[YOUR OBJECTIVE]
When copying the listing below, skip every picture and keep each word as it stands.

┄┄┄┄┄┄┄┄┄┄

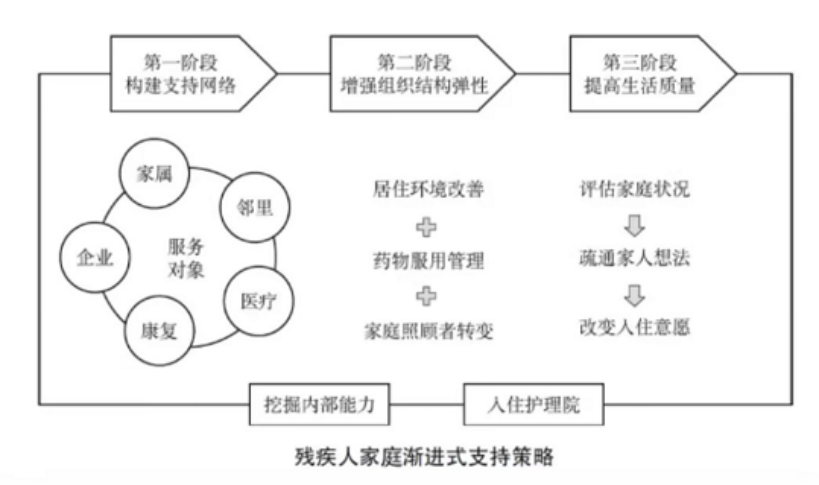社会工作者评估发现,该家庭信念系统消极(母亲拒药、拒助),组织结构缺乏弹性(外部资源少、居住环境恶劣、安全风险高),内部沟通互动少,家庭需求复杂,单靠内部力量难以应对。社会工作者计划采用综融服务方法,并设计了下图所示的“渐进式支持策略”开展服务:
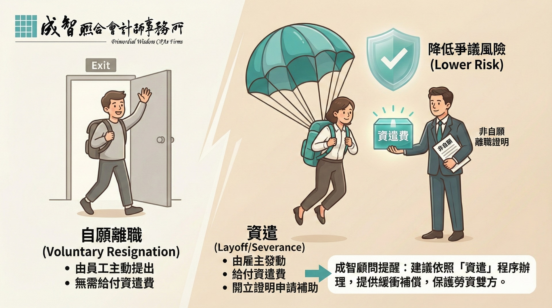 - 資遣(非自願離職): 這是由雇主發動的(如業務緊縮、不適任等)。企業必須給付資遣費,並開立證明讓員工申請失業補助。
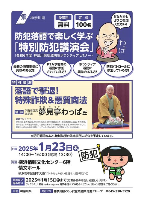 【#落語 で学べる!地域防犯ボランティアセミナー】 令和7年1月23日(木曜)に横浜情報文化センターで、#特殊詐欺 や #地域防犯 を学ぶことができる講演会を開催します。申込は令和7年1月15日(水曜)までです。詳しくはウェブサイトをご覧ください。https://pref.kanagawa.jp/docs/f5g/bohanryoku/training/seminar2024-skillup.html…
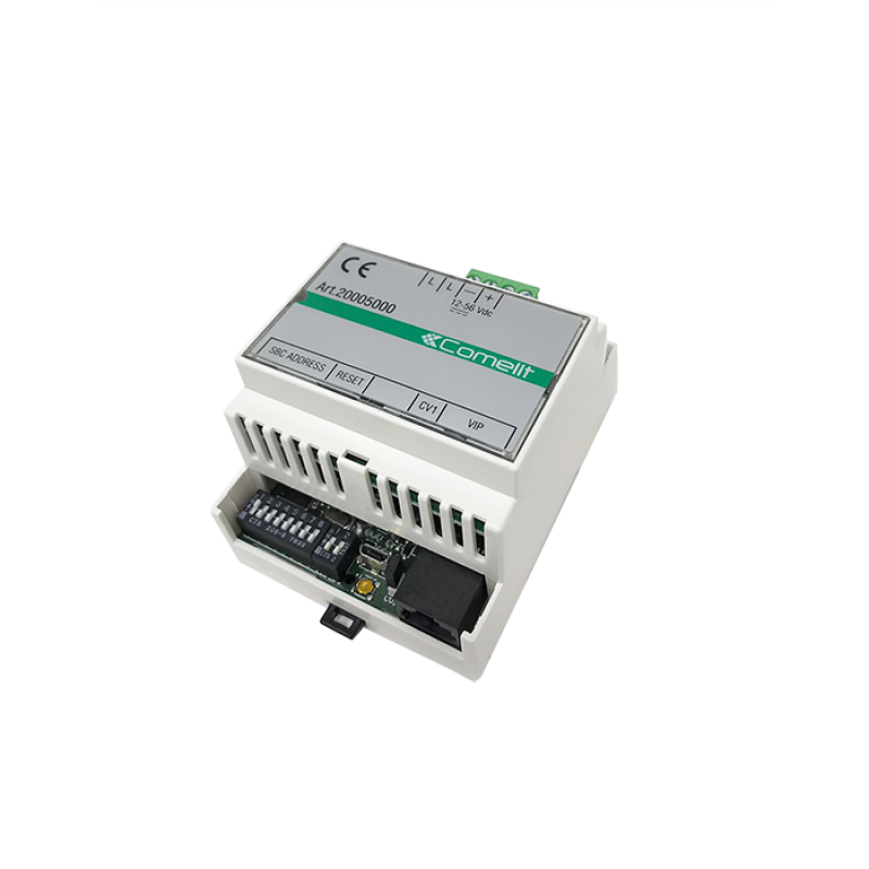 Gateway das die Verwendung von Monitoren und SmartHome Produkten des ViP-Systems in SB2 Audio-/Videosysteme ermöglicht. ViP Innensprechstellen und die Comelit App, sowie weitere Integrationsprodukte können verwendet werden, um Anrufe von der Türstation zu empfangen, Anrufe zu tätigen und Befehle an SB2 Geräte zu senden (Selbstaktivierung, Anruf an die Haupt- und / oder Sekundärschalttafel, Intercom-Anruf, Aktuatorsteuerung, Kameramodulsteuerung usw.). Das Gateway ermöglicht die Weiterleitung von Türrufen an die Comelit-App. Das Gateway verfügt über einen PoE-Ethernet-Anschluss für den Anschluss an die ViP-Geräte und den Anschluss an das SB2-System. Spannungsversorgung: 12-56 VDC. Abmessungen: 70x90x59 (4 DIN-Module).
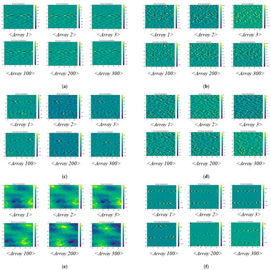 Figure 7. Visualization of the arrays of six states: (a) normal; (b) bearing; (c) mechanical seal; (d) elastomer; (e) misalignment; (f) cavitation.
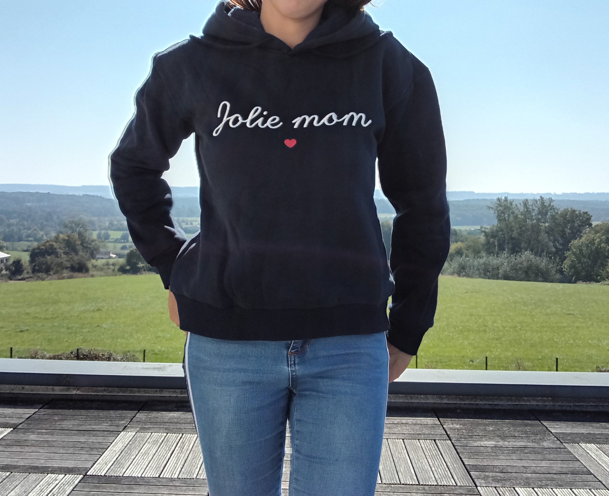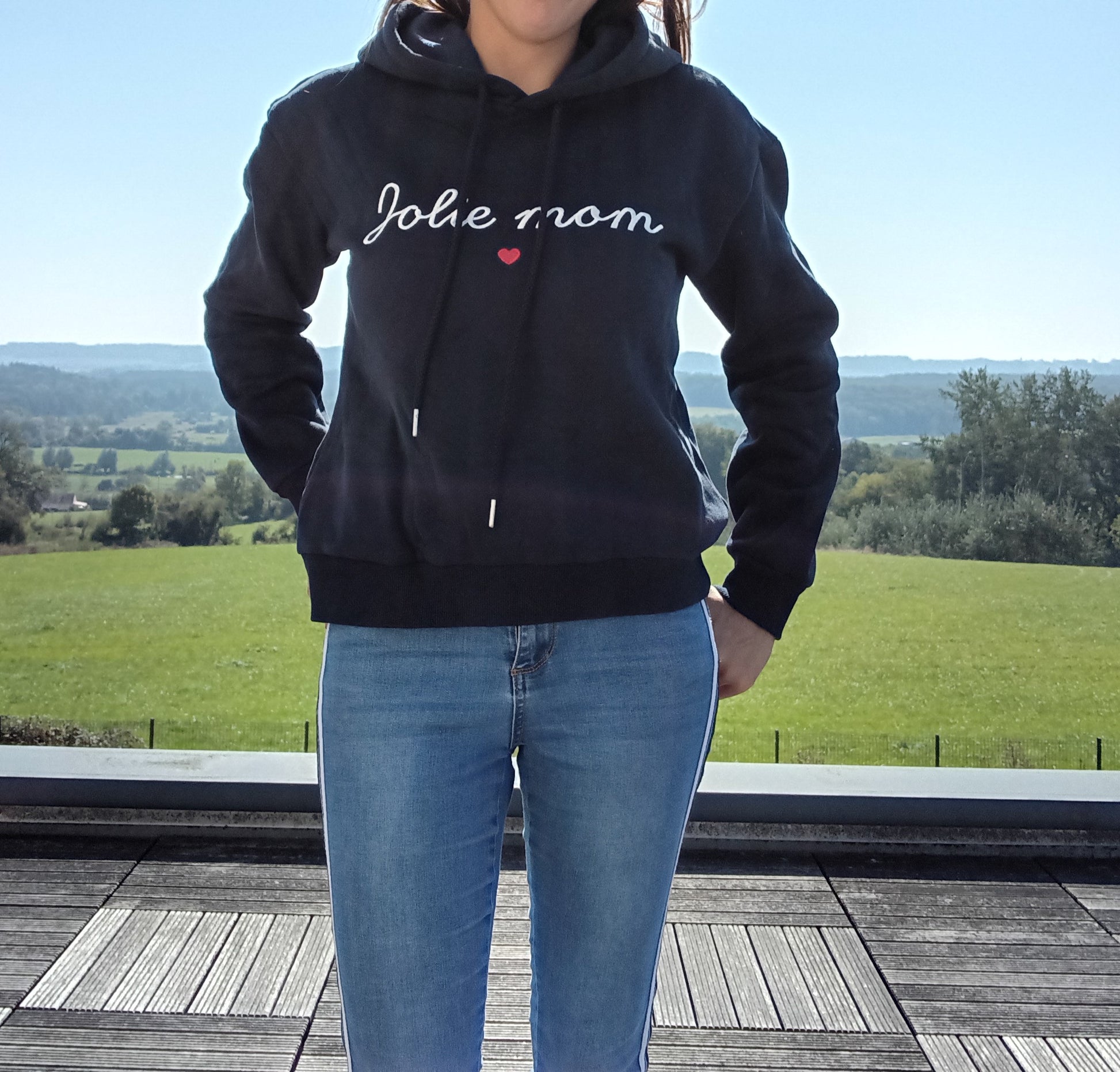 Pull sweat chaud inscription « Jolie Mom » bleu marine
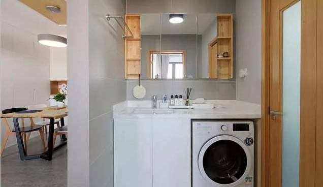 如果卫生间面积不够用,不妨向洗漱台的下方位置借“空间”,将滚筒洗衣机做好内嵌式设计,视觉上也非常和谐,而且还能为阳台和厨房节省空间呢!

┄┄┄┄┄┄┄┄┄┄

[ANSWER SPACE]
社会工作者评估发现,该家庭信念系统消极(母亲拒药、拒助),组织结构缺乏弹性(外部资源少、居住环境恶劣、安全风险高),内部沟通互动少,家庭需求复杂,单靠内部力量难以应对。社会工作者计划采用综融服务方法,并设计了下图所示的“渐进式支持策略”开展服务:
 - 資遣(非自願離職): 這是由雇主發動的(如業務緊縮、不適任等)。企業必須給付資遣費,並開立證明讓員工申請失業補助。
 【#落語 で学べる!地域防犯ボランティアセミナー】 令和7年1月23日(木曜)に横浜情報文化センターで、#特殊詐欺 や #地域防犯 を学ぶことができる講演会を開催します。申込は令和7年1月15日(水曜)までです。詳しくはウェブサイトをご覧ください。https://pref.kanagawa.jp/docs/f5g/bohanryoku/training/seminar2024-skillup.html…
 Gateway das die Verwendung von Monitoren und SmartHome Produkten des ViP-Systems in SB2 Audio-/Videosysteme ermöglicht. ViP Innensprechstellen und die Comelit App, sowie weitere Integrationsprodukte können verwendet werden, um Anrufe von der Türstation zu empfangen, Anrufe zu tätigen und Befehle an SB2 Geräte zu senden (Selbstaktivierung, Anruf an die Haupt- und / oder Sekundärschalttafel, Intercom-Anruf, Aktuatorsteuerung, Kameramodulsteuerung usw.). Das Gateway ermöglicht die Weiterleitung von Türrufen an die Comelit-App. Das Gateway verfügt über einen PoE-Ethernet-Anschluss für den Anschluss an die ViP-Geräte und den Anschluss an das SB2-System. Spannungsversorgung: 12-56 VDC. Abmessungen: 70x90x59 (4 DIN-Module).
 Figure 7. Visualization of the arrays of six states: (a) normal; (b) bearing; (c) mechanical seal; (d) elastomer; (e) misalignment; (f) cavitation.
 Pull sweat chaud inscription « Jolie Mom » bleu marine
 如果卫生间面积不够用,不妨向洗漱台的下方位置借“空间”,将滚筒洗衣机做好内嵌式设计,视觉上也非常和谐,而且还能为阳台和厨房节省空间呢!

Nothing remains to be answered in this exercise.